_GIVEN DATA_
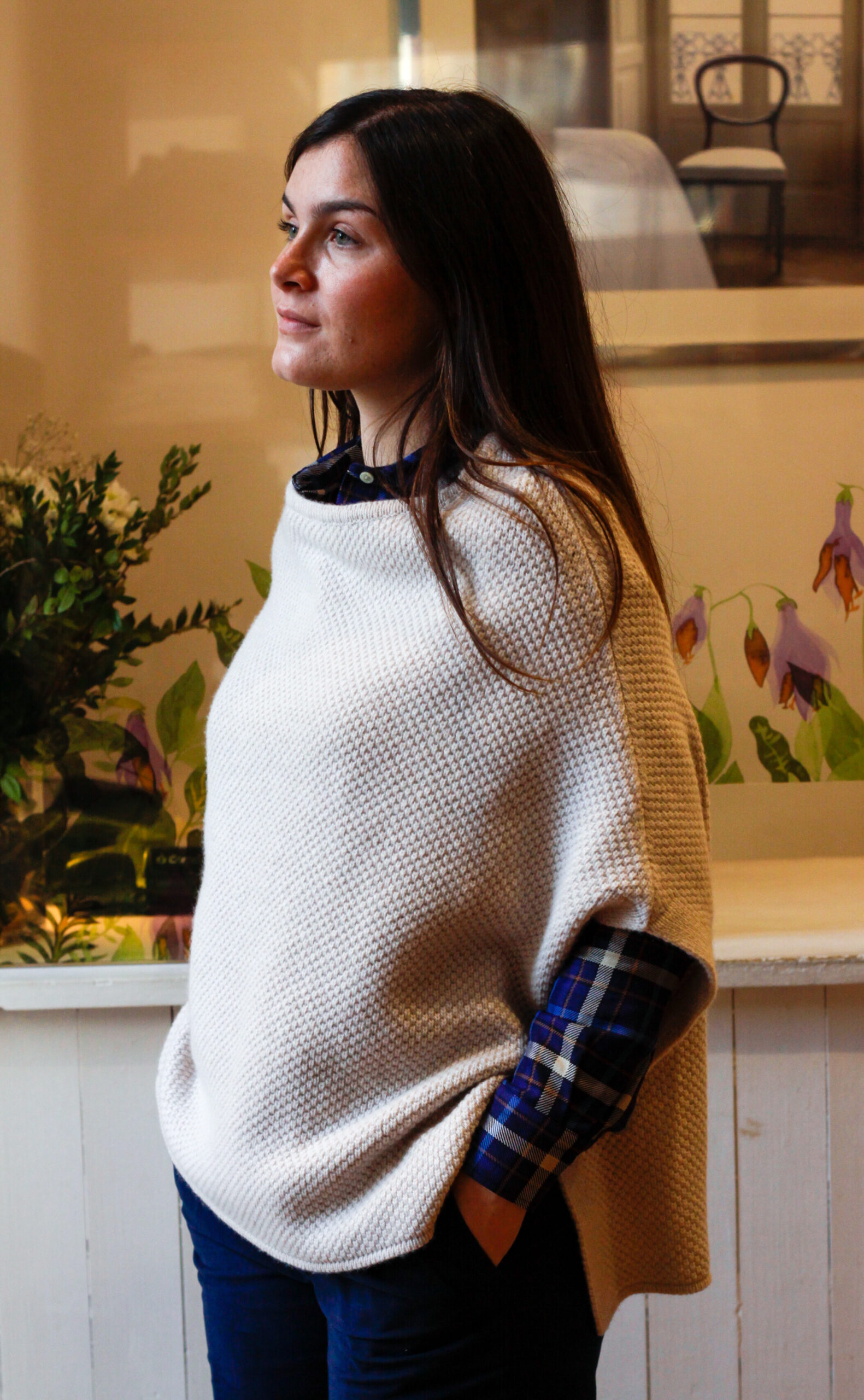 Livia è la mantella perfetta per accompagnarvi nelle fresche sere dell’autunno e come strato aggiuntivo nelle fredde giornate invernali. Realizzata in un prezioso mix di lana e cashmere lavorato a punto riso, è il capo ideale da avere sempre con sé..
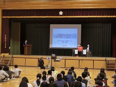 6年生は体育館、他の学年はリモートでつなぎ、各クラスにて聴講しました。
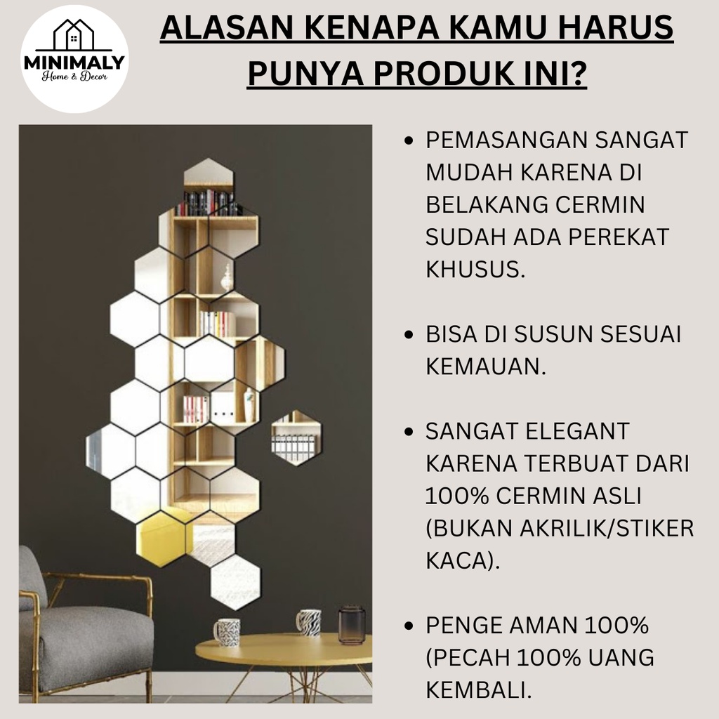 MINIMALY11 Kaca cermin Aesthetic (PAKET ISI 7 PCS) Kaca Aesthetic Kamar Hiasan Dinding Aesthetic Cermin Tempel Dinding C
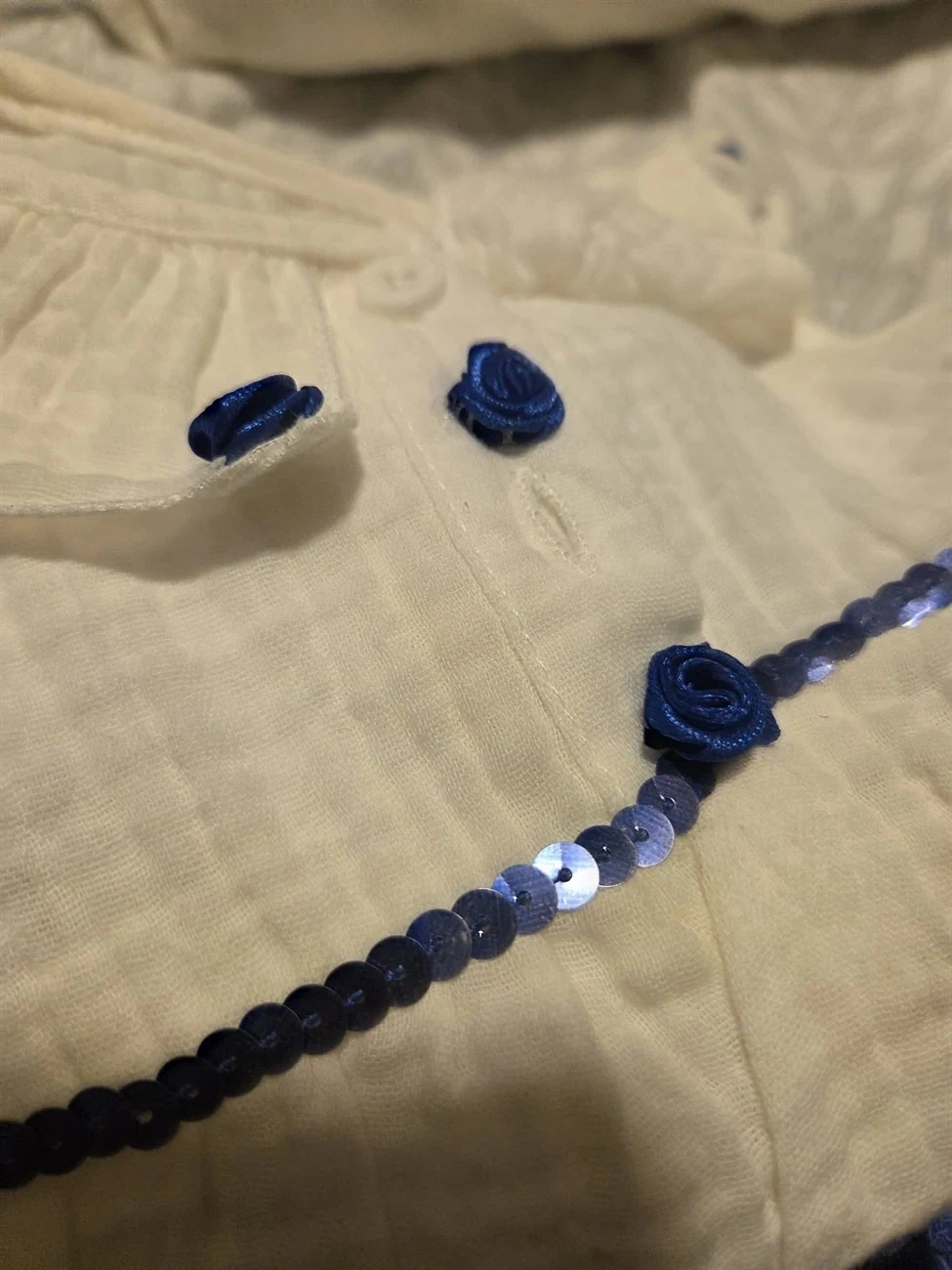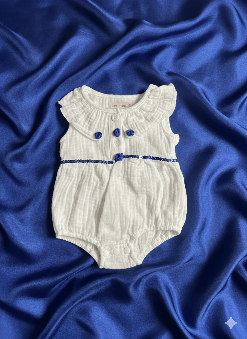 אוברול קייצי  לבן עם קישוטים כחולים

_WHAT TO WORK ON_
Give back every line of the material above word for word, leaving out the pictures.

_SOLUTION TO THIS EXERCISE_
 Livia è la mantella perfetta per accompagnarvi nelle fresche sere dell’autunno e come strato aggiuntivo nelle fredde giornate invernali. Realizzata in un prezioso mix di lana e cashmere lavorato a punto riso, è il capo ideale da avere sempre con sé..
 6年生は体育館、他の学年はリモートでつなぎ、各クラスにて聴講しました。
 MINIMALY11 Kaca cermin Aesthetic (PAKET ISI 7 PCS) Kaca Aesthetic Kamar Hiasan Dinding Aesthetic Cermin Tempel Dinding C
 אוברול קייצי  לבן עם קישוטים כחולים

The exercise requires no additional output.